- When we run this command(as given in the webpage) - " build/VI_hammer/gem5.opt ../gem5-gpu/configs/se_fusion.py -c ../benchmarks/rodinia/backprop/gem5_fusion_backprop -o “16” , which memory model are we using . I assume that in this case - CPU and GPU are using the same DRAM.
- Within the benchmark we have cudaMemcpy calls . I assume that here CPU and GPU - though they are using the same DRAM - they have separate dedicated areas and the cudaMemcpy moves data from CPU’s are to GPU’s and viceversa (while using the above cmd)- Is this assumption correct(are these intra - DRAM copies done using DMA)
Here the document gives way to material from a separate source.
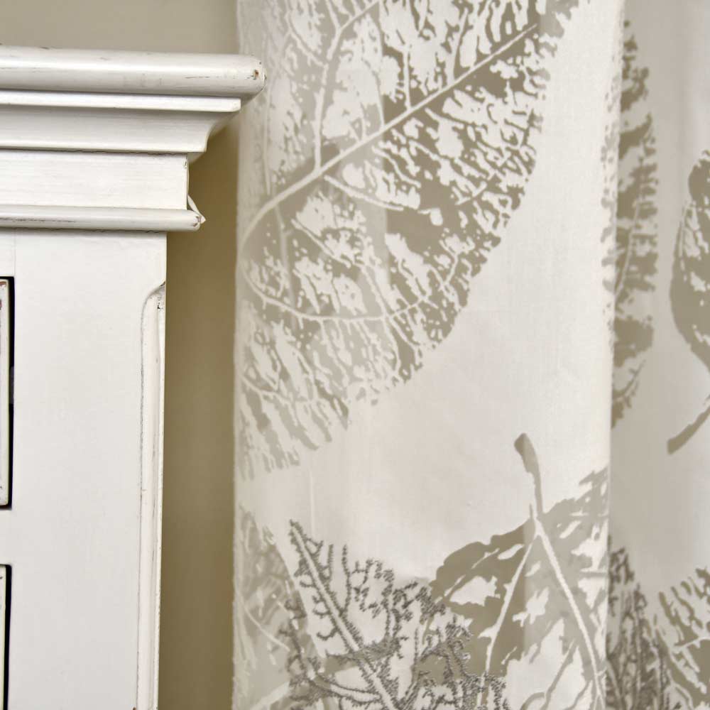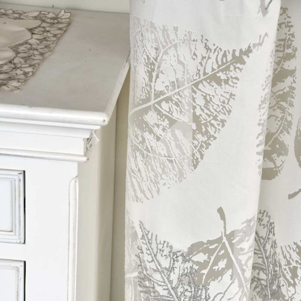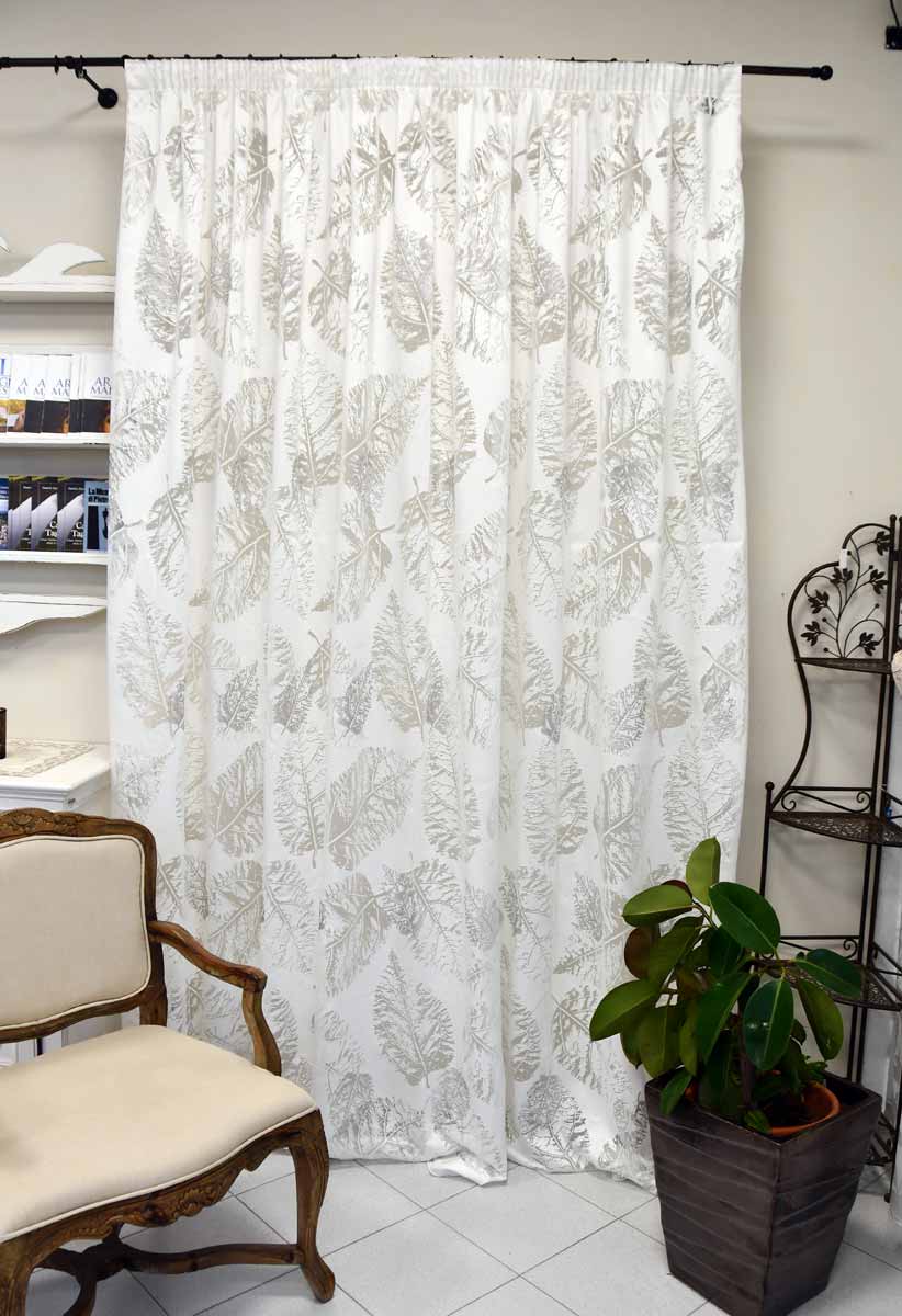 E’ realizzata in tessuto devorè con un disegno a foglie grandi. Alcune di queste sono ricamate con un filo lucido di colore grigio che crea uno straordinario effetto di contrasto ma estremamente delicato e piacevole.
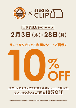 コラボを記念して、studio CLIPと同じ館内にあるサンマルクカフェご利用のレシートご提示で、studio CLIPでのお買い物が10%OFFになるキャンペーンを開催します。

- How do we simulate a traditional GPU configuration (which command) , wherein the cudaMemcpy will involve a PCIe DMA transfer
- In addition to DMA transfer, i assume we would also need to configure the dedicated GPU memory as GDDR5 to accurately simulate the traditional scenario - how do we do that.
- I see that within the benchmark suite we have a no copy version of benchmarks - is this conceptually equalent to pinned host model (where in the GPU ignores its dedicated memory and accesses data directly from DRAM)
- where do we get the timing details to compare two models. (In the console output - we couldn't see timing details)